• [Extracted data]
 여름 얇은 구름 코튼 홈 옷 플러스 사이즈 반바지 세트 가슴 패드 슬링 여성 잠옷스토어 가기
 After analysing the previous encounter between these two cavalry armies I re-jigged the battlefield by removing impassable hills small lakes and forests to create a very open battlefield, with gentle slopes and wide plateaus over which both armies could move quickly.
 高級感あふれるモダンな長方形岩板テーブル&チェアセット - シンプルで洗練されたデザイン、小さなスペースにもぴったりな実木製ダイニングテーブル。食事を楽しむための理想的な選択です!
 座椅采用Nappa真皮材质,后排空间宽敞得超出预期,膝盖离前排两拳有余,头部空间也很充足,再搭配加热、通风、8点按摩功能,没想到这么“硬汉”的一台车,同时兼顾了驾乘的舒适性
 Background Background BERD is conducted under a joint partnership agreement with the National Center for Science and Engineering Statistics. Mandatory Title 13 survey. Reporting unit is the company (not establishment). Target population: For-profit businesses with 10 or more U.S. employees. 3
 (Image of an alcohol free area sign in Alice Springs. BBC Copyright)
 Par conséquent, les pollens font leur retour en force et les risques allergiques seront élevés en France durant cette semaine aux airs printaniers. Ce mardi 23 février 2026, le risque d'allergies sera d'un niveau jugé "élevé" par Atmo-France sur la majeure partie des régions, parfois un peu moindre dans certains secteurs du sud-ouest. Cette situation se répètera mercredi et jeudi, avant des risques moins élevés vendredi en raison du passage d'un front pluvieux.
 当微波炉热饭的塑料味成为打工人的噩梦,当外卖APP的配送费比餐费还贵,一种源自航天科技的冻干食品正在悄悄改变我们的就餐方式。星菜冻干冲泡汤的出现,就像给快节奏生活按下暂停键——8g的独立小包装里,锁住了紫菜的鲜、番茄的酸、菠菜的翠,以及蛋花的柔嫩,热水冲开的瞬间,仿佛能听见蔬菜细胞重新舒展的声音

* * *

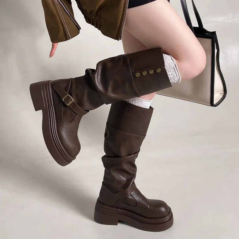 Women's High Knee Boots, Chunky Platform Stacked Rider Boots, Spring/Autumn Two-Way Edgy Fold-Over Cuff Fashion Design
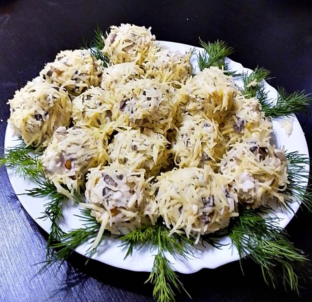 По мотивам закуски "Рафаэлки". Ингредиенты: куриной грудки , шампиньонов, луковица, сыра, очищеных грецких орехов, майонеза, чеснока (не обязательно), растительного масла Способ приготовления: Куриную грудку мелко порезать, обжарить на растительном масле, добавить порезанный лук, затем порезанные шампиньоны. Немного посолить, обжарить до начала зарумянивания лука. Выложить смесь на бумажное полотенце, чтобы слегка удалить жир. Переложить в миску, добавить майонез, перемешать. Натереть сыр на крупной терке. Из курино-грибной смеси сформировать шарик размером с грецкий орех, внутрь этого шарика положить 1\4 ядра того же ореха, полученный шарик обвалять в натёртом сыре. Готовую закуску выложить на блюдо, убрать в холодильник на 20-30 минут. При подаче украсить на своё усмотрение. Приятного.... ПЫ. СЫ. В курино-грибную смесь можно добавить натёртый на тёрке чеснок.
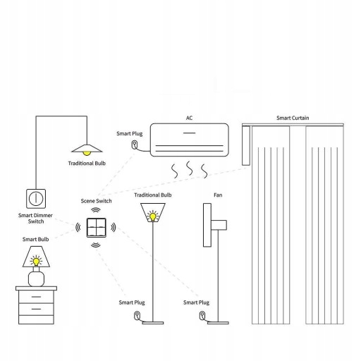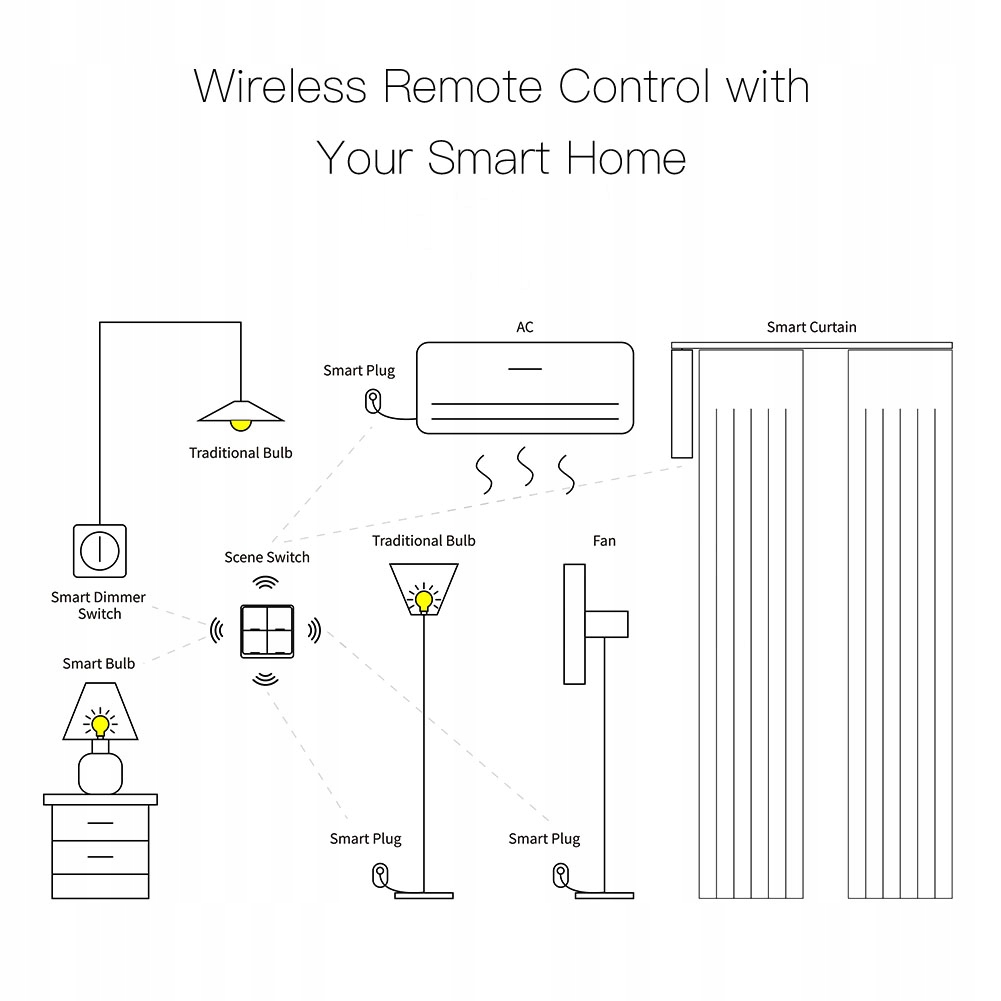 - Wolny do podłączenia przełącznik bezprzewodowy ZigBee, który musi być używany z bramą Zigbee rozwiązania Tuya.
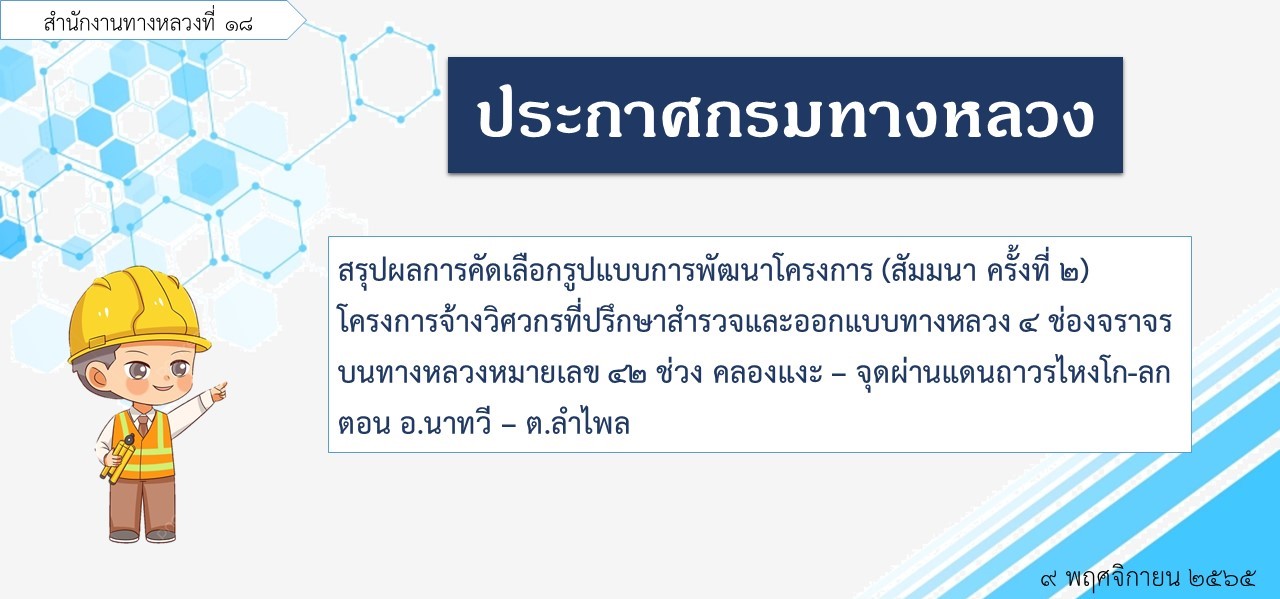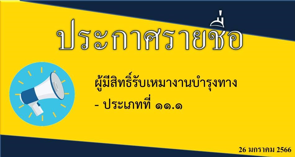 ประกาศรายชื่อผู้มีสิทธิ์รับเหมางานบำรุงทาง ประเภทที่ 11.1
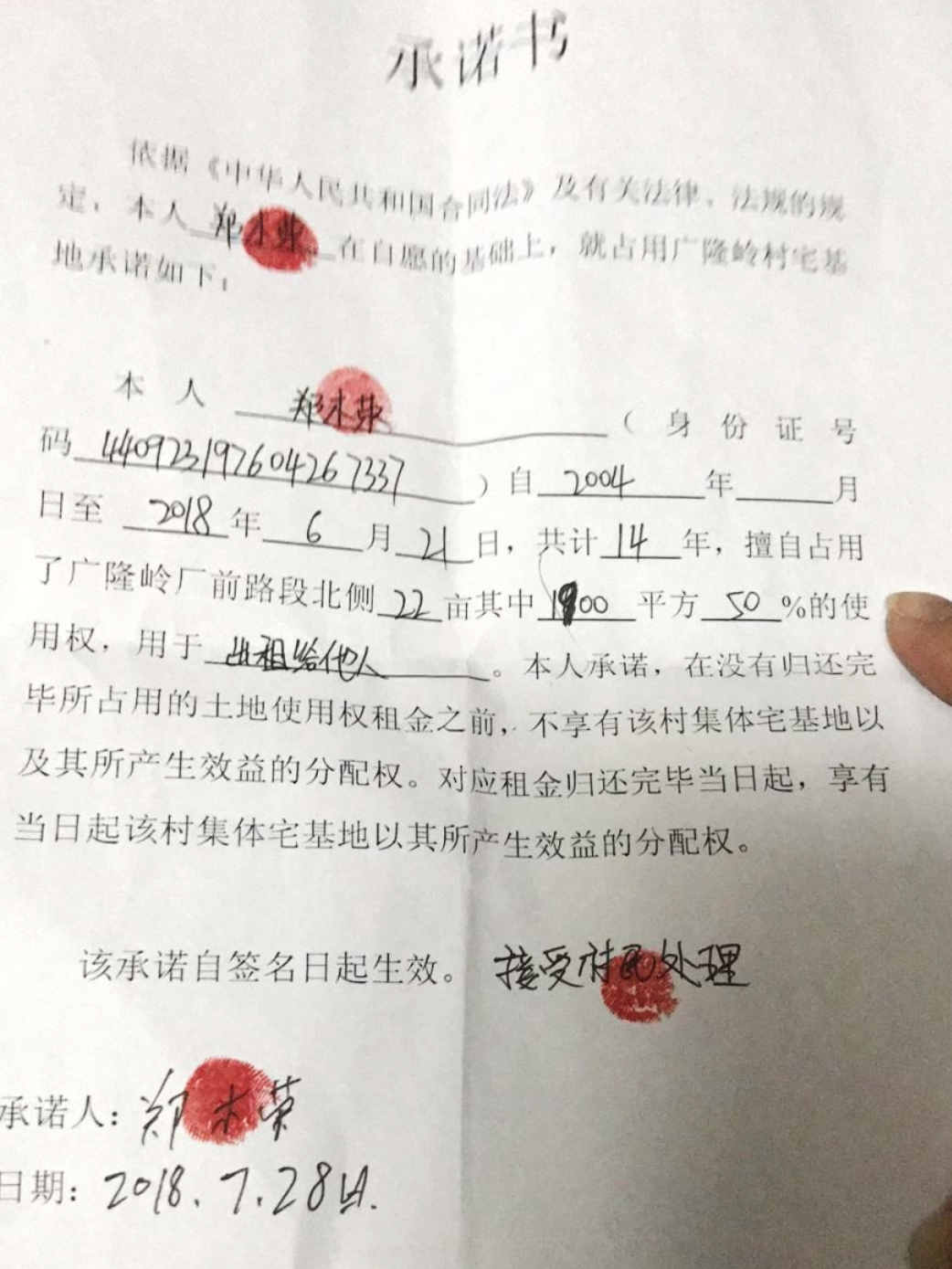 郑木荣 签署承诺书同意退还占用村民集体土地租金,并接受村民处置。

--

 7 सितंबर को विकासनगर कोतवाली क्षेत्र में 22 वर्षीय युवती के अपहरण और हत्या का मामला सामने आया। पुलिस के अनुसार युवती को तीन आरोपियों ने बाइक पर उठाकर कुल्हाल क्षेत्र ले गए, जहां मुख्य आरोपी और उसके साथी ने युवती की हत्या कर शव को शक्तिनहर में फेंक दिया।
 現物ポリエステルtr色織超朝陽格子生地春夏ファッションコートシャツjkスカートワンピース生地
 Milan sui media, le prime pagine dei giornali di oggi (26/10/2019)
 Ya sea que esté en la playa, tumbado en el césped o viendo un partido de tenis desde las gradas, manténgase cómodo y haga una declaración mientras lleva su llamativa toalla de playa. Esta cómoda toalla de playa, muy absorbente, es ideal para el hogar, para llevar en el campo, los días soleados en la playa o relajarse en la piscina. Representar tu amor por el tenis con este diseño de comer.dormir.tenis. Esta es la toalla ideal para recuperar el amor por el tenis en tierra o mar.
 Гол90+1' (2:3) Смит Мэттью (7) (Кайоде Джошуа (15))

• [Exercise goal] In the listing above, start at the line with "여름 얇은 구름 코튼", go on through the line with "(Image of an", and copy each of those lines exactly; leave out all the rest.

• [Written answer]
 여름 얇은 구름 코튼 홈 옷 플러스 사이즈 반바지 세트 가슴 패드 슬링 여성 잠옷스토어 가기
 After analysing the previous encounter between these two cavalry armies I re-jigged the battlefield by removing impassable hills small lakes and forests to create a very open battlefield, with gentle slopes and wide plateaus over which both armies could move quickly.
 高級感あふれるモダンな長方形岩板テーブル&チェアセット - シンプルで洗練されたデザイン、小さなスペースにもぴったりな実木製ダイニングテーブル。食事を楽しむための理想的な選択です!
 座椅采用Nappa真皮材质,后排空间宽敞得超出预期,膝盖离前排两拳有余,头部空间也很充足,再搭配加热、通风、8点按摩功能,没想到这么“硬汉”的一台车,同时兼顾了驾乘的舒适性
 Background Background BERD is conducted under a joint partnership agreement with the National Center for Science and Engineering Statistics. Mandatory Title 13 survey. Reporting unit is the company (not establishment). Target population: For-profit businesses with 10 or more U.S. employees. 3
 (Image of an alcohol free area sign in Alice Springs. BBC Copyright)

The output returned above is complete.